First provide a summary of the paper, and then address the following
criteria: Quality, clarity, originality and significance. (For detailed
reviewing guidelines, see
http://nips.cc/PaperInformation/ReviewerInstructions)
The authors propose a new approach for solving
constraint satisfaction problems (CSPs) in a neural architecture. While
previous attempts in this direction have largely relied on stochastic
neuron models to prevent a neural network from getting stuck in local
optima (e.g. through the use of Boltzmann machines), the proposed
architecture is capable of finding optimal solutions to problems using
purely deterministic network dynamics. This is achieved by coupling
oscillator modules such that the strength of their mutual interaction
depends on their phase difference. Although the paper does not provide a
rigorous theoretical explanation for it, these phase differences are
observed to vary irregularly in simulations, thus providing sufficient
exploratory drive to escape local optima. In small simulations of a CSP
with ten binary variables and nine tertiary constraints the network is
observed to find either of the two correct solutions (which satisfy all
constraints) in each trial. Interestingly, exploration is driven purely by
violated constraints and thus, in contrast to stochastic approaches to
solving CSPs, the network will stay in the global optimum once it is found
(without the need for morphing into a greedy search as, for example, in
simulated annealing). If no solution exists which satisfies all
constraints the network behavior resembles a sampling process from a Gibbs
distribution with a linear energy term. Unfortunately, a theoretical
explanation of this behavior could not be provided by the authors.

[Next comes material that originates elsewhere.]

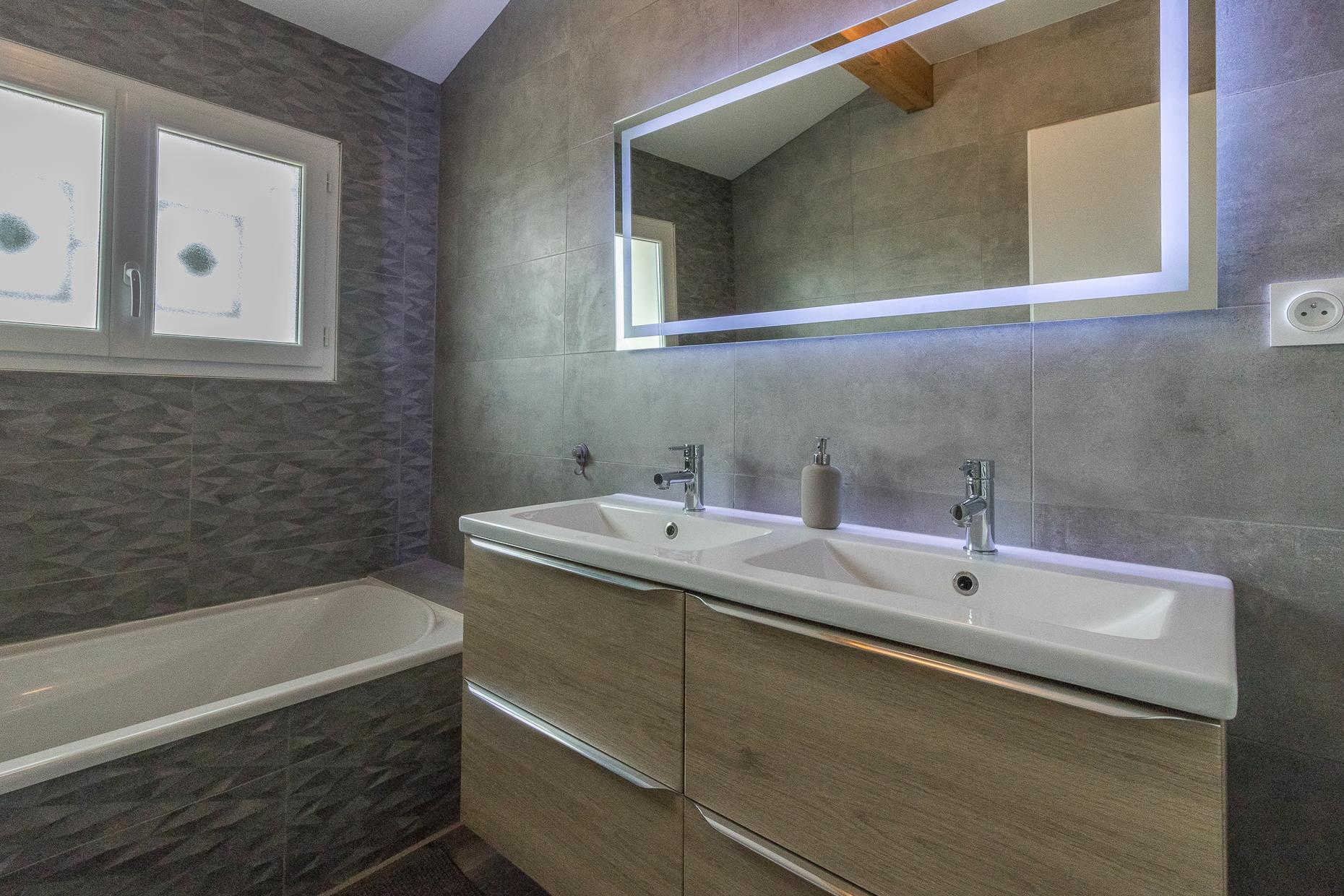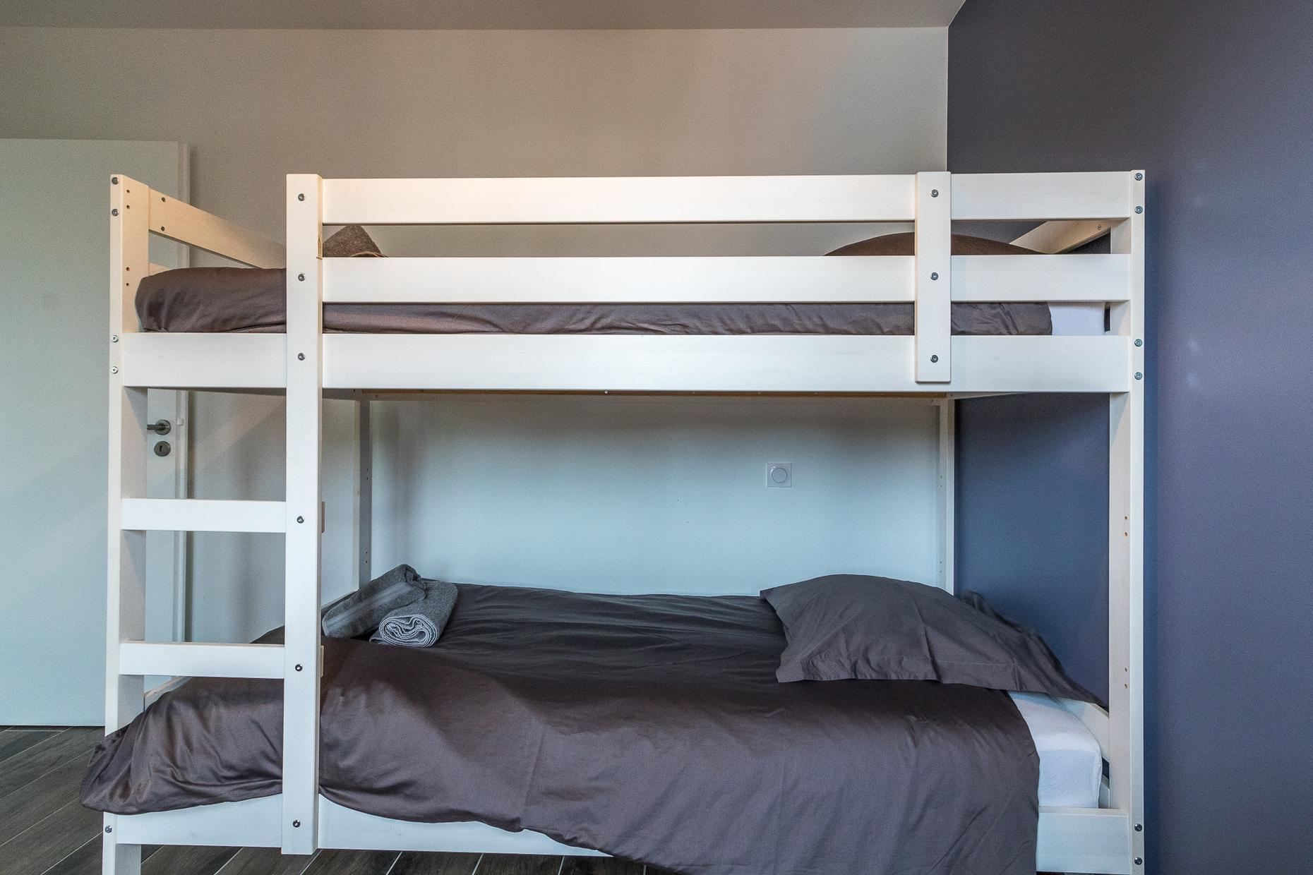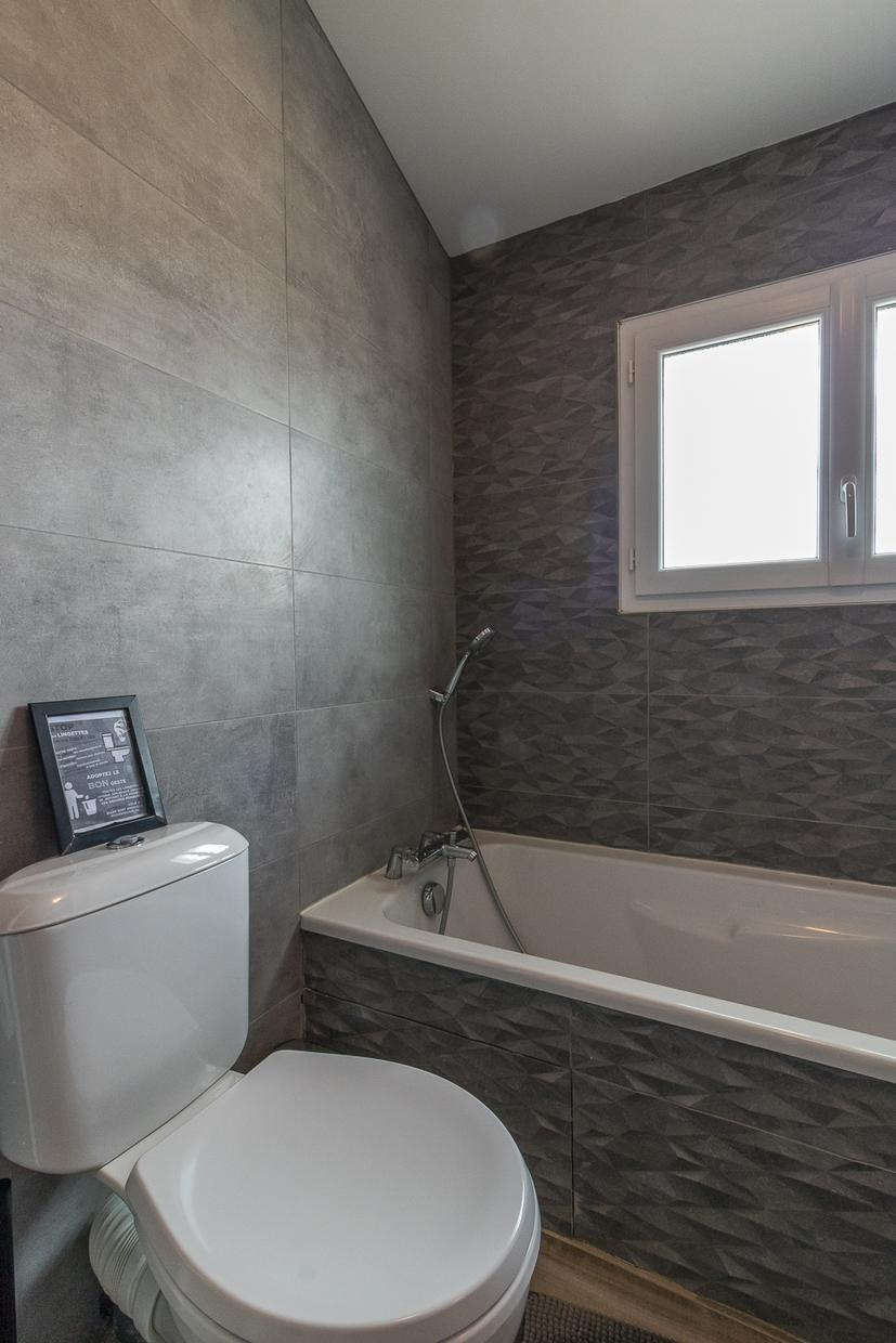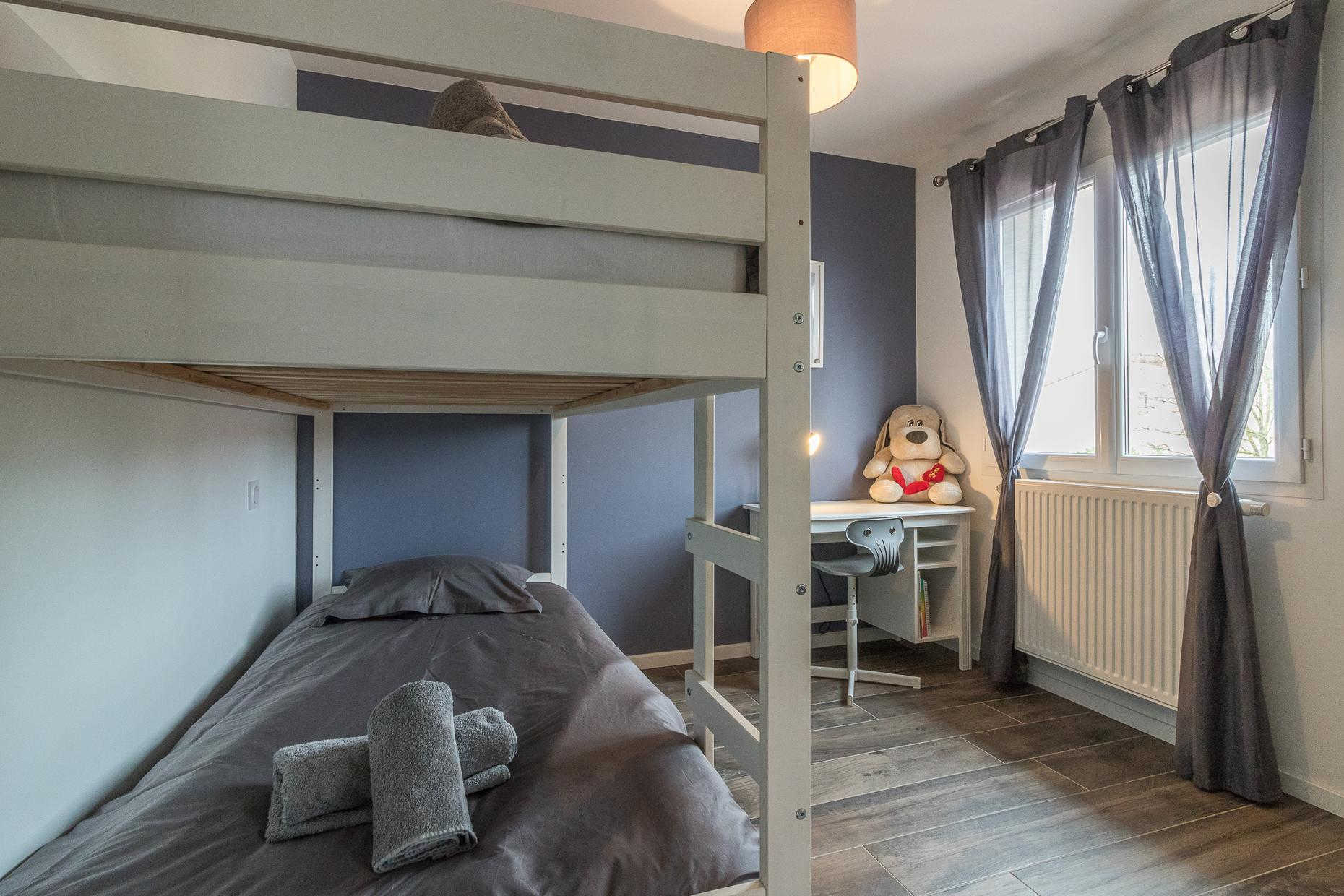 A l’étage : 3 chambres décorées avec goût (1 lit double en 140*200cm),(1 lit double en 160*200cm)(2 lits superposés en 90*190cm), une salle de bains moderne avec baignoire, douche et WC.

The presented approach to solving CSPs in a deterministic neural
architecture is, to the best of my knowledge, original and novel. It
provides both an innovative approach for solving CSPs in neuromorphic
hardware and a fresh perspective on oscillations and synchronization
between oscillating modules (and lack thereof in the form of irregularly
varying phase differences) in neuroscience.
The applications are
non-trivial, although too few and too small to provide insight into the
scalability of the method. On the positive side, the problems were chosen
to be both illustrative and difficult in the sense that the energy
landscape was designed to possess several local optima and more than one
global optimum (especially in Fig. 3). On the negative side, the state
spaces of the considered problems are very small (2^10 or 2^11). For such
state spaces simple exhaustive search works well and is a much easier
option. I would suspect that larger simulations would show that the
algorithm still performs well, within what one may expect from a parallel
iterative algorithm. Unfortunately the paper does not address scalability,
and so the utility of the approach for larger problems remains unclear. At
least a discussion of scalability is warranted and would be highly useful
for the understanding of the method.
In terms of clarity and
quality of figures and text the paper rates highly, yet no theoretical
arguments were given for the observed behavior of the network. The paper
is well organized, the model is for the most part clearly defined, the
chosen examples are illustrative, the figures convey a clear message, and
the explanations of the network dynamics are insightful. The lack of
theoretical arguments is an obvious shortcoming of the paper. Furthermore,
I'm missing a specification of the parameters used in the simulations
(parameters in Eq. (1) and (2)). Were the same parameters used in the
simulations for Fig 2, 3 & 4?
The paper is potentially
significant, as it provides a new and relatively simple neural
architecture for solving CSPs with deterministic neurons and has a large
potential for neuromorphic applications. Furthermore, from the perspective
of neuroscience, the potential relation between oscillations and the
search for “consistent states” in the brain is intriguing and certainly
worth pursuing.
Q2: Please summarize your review in
1-2 sentences
This is an interesting and well written paper that
provides an innovative model for solving CSPs in neural networks with
oscillations, offering potential applications in neuromorphic engineering
and a new perspective on oscillations in neuroscience. Two shortcomings of
the paper are the lack of a theoretical treatment, and the lack of
simulations concerning (or at least a discussion of)
scalability. Submitted by
Assigned_Reviewer_8
Q1: Comments to author(s).
First provide a summary of the paper, and then address the following
criteria: Quality, clarity, originality and significance. (For detailed
reviewing guidelines, see
http://nips.cc/PaperInformation/ReviewerInstructions)
Overview:
The paper studies a neuro-dynamic
system that is able to solve constraint satisfaction problems (CSP).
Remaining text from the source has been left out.